Problem details — Only the lines below from the one containing "На пункті Корчова" through the last line should be set down, exactly as written and with no pictures.

Given information —

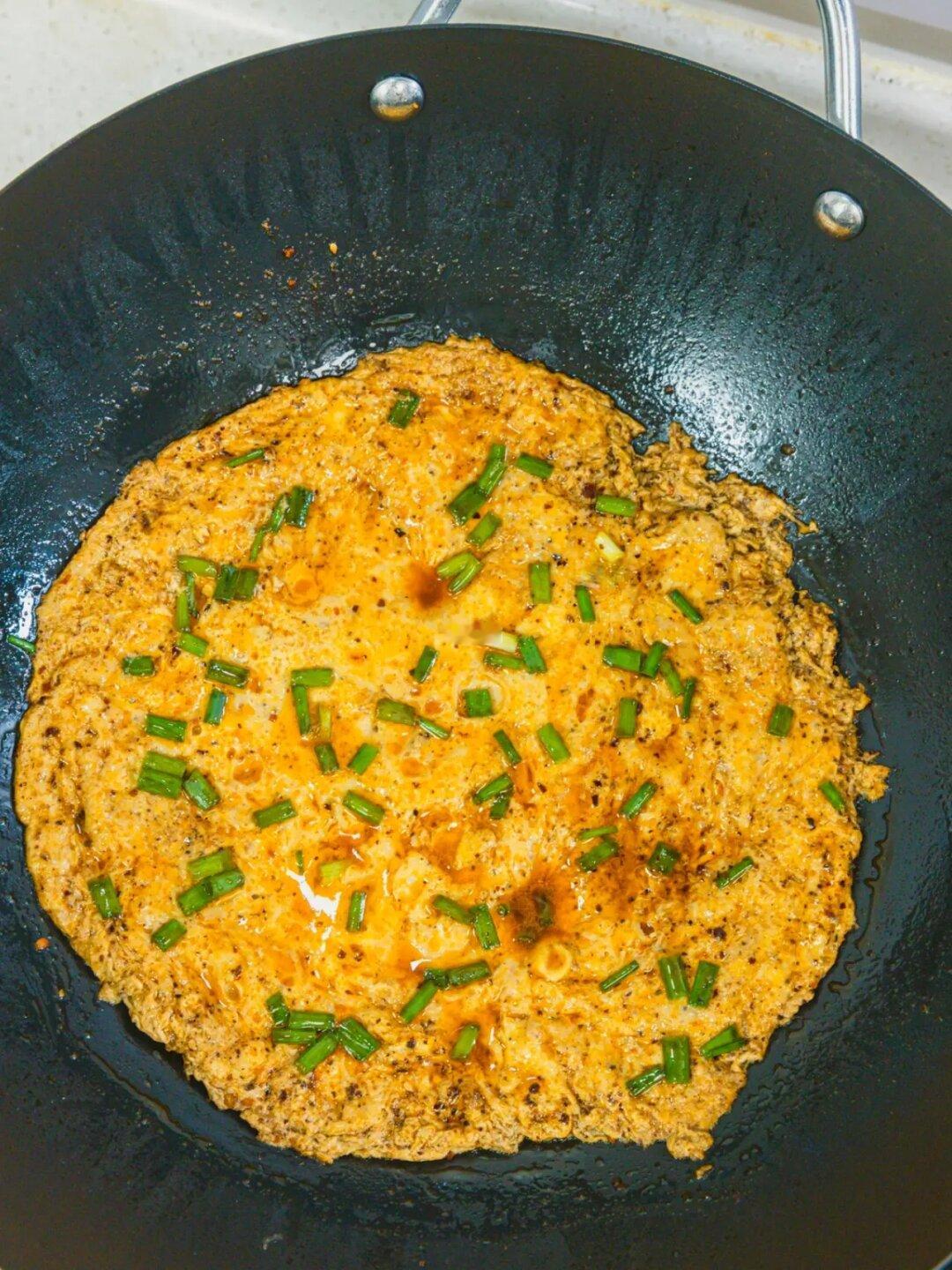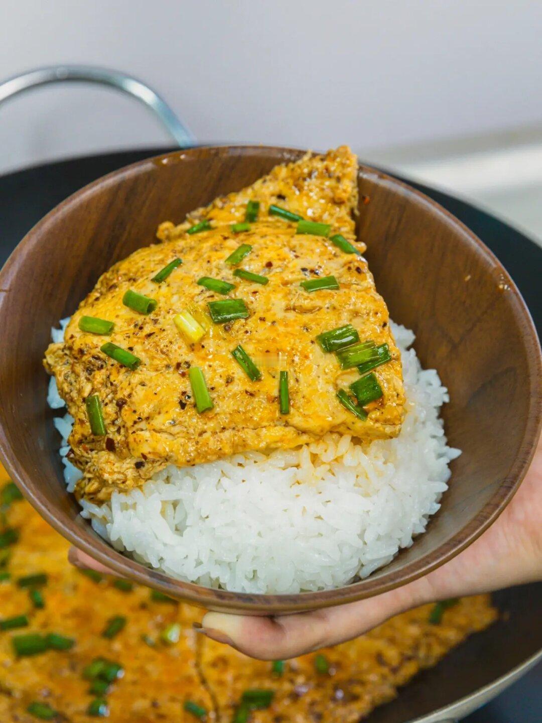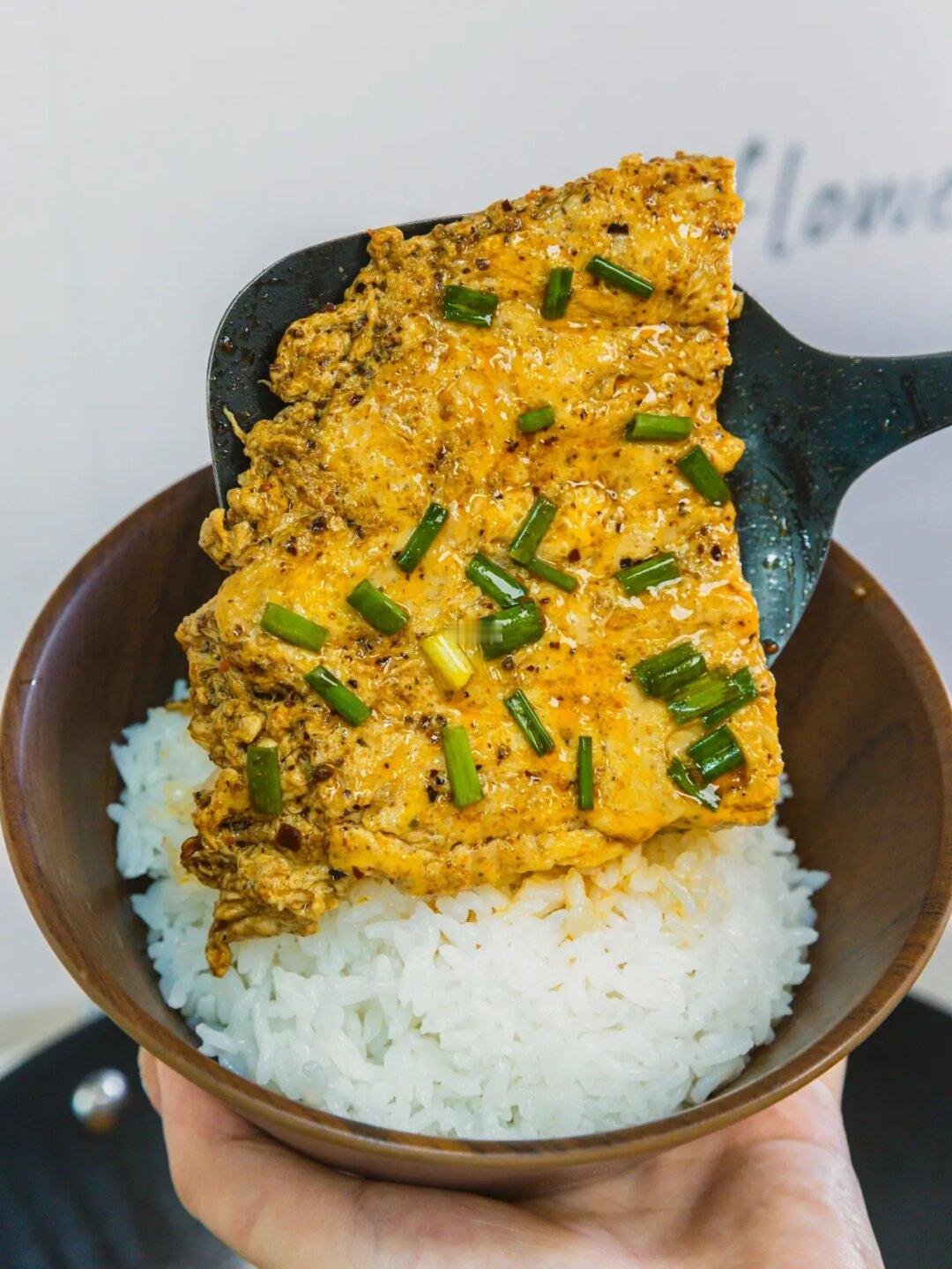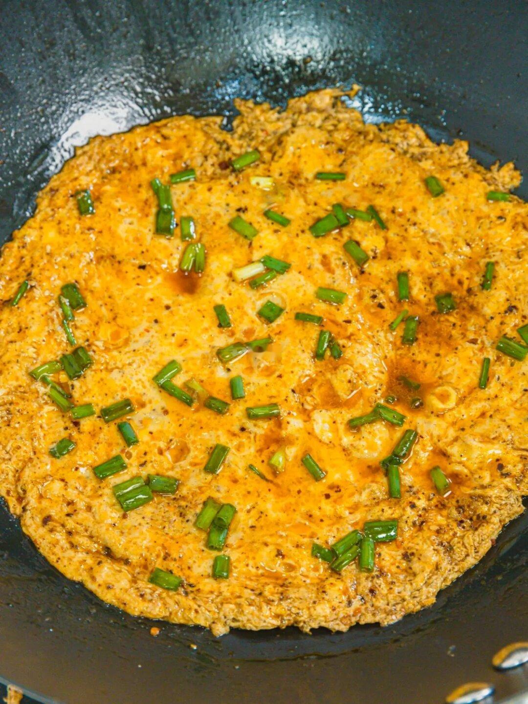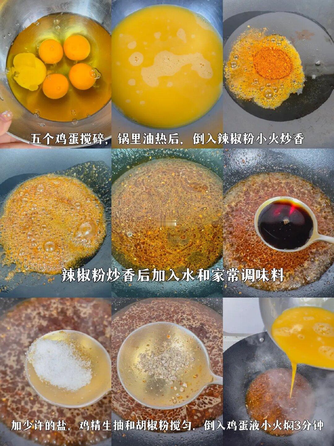 今晚想做个快手菜,就想到了最近大受欢迎的蒸蛋,真没想到这么好吃,又香又嫩,超级合适减脂人士和快手党,五分钟不到就搞定。 🌈🌈🌈食材: 鸡蛋、辣椒粉、葱花 🥘🥘🥘做法: 1、先拿五个鸡蛋,打散备用 2、锅里把油烧热小火倒入辣椒粉炒香,辣椒粉炒香后加入水,再加入少许的盐,鸡粉生抽和胡椒粉调味。 3、把鸡蛋液倒入后开小火盖上盖子焖3分钟即可。
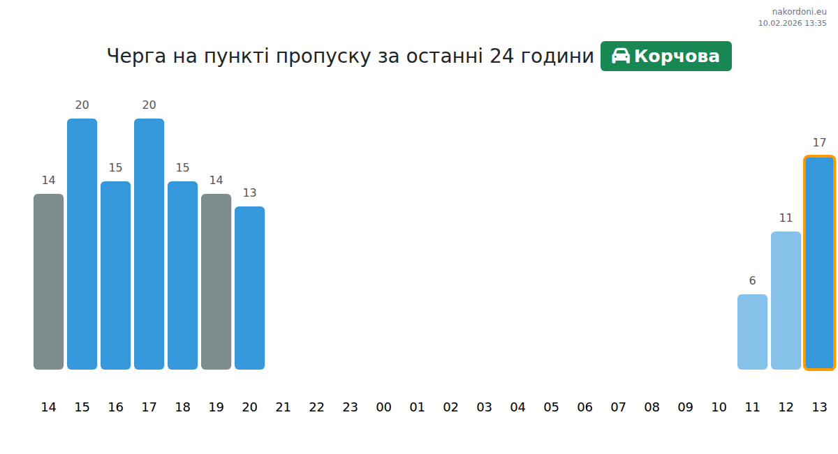 На пункті Корчова прогнозується час очікування для легкових автомобілів 23-103 хвилини. Уникайте пікових годин: 13:00, 15:00, 14:00. Найкоротші черги очікуються о 23:00, 04:00 та 05:00.
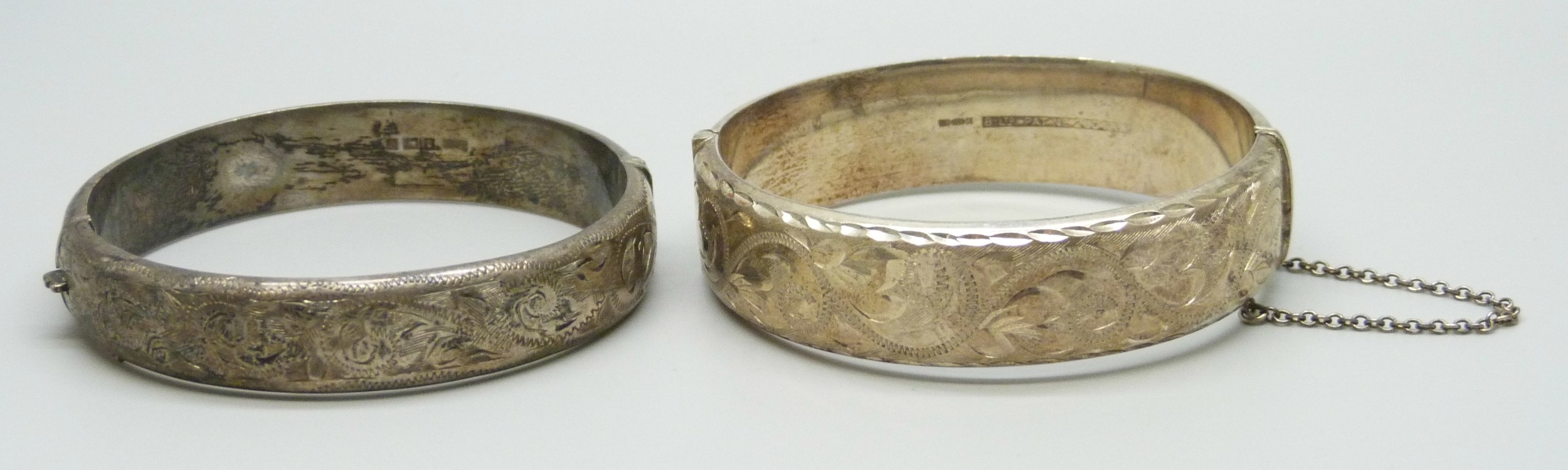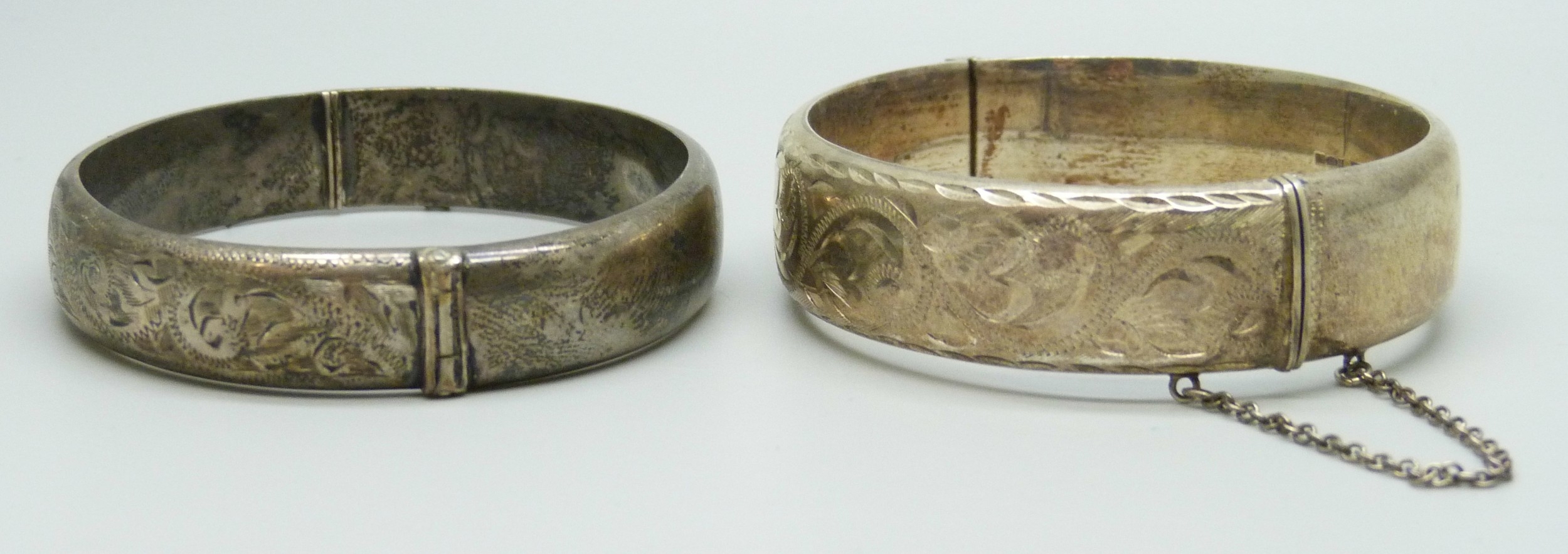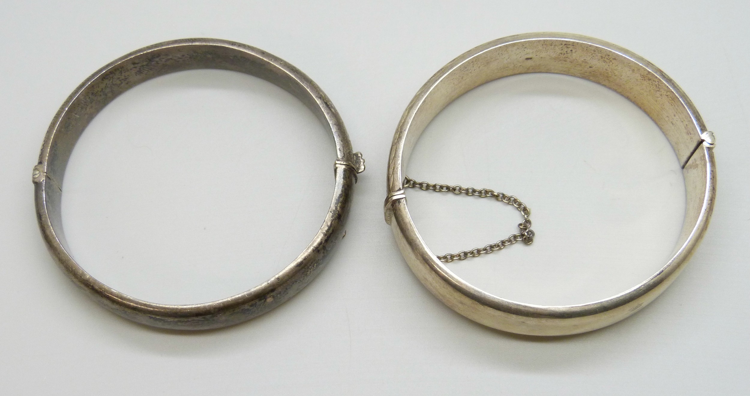 Two silver bangles, 45g total

Response area —
 На пункті Корчова прогнозується час очікування для легкових автомобілів 23-103 хвилини. Уникайте пікових годин: 13:00, 15:00, 14:00. Найкоротші черги очікуються о 23:00, 04:00 та 05:00.
 Two silver bangles, 45g total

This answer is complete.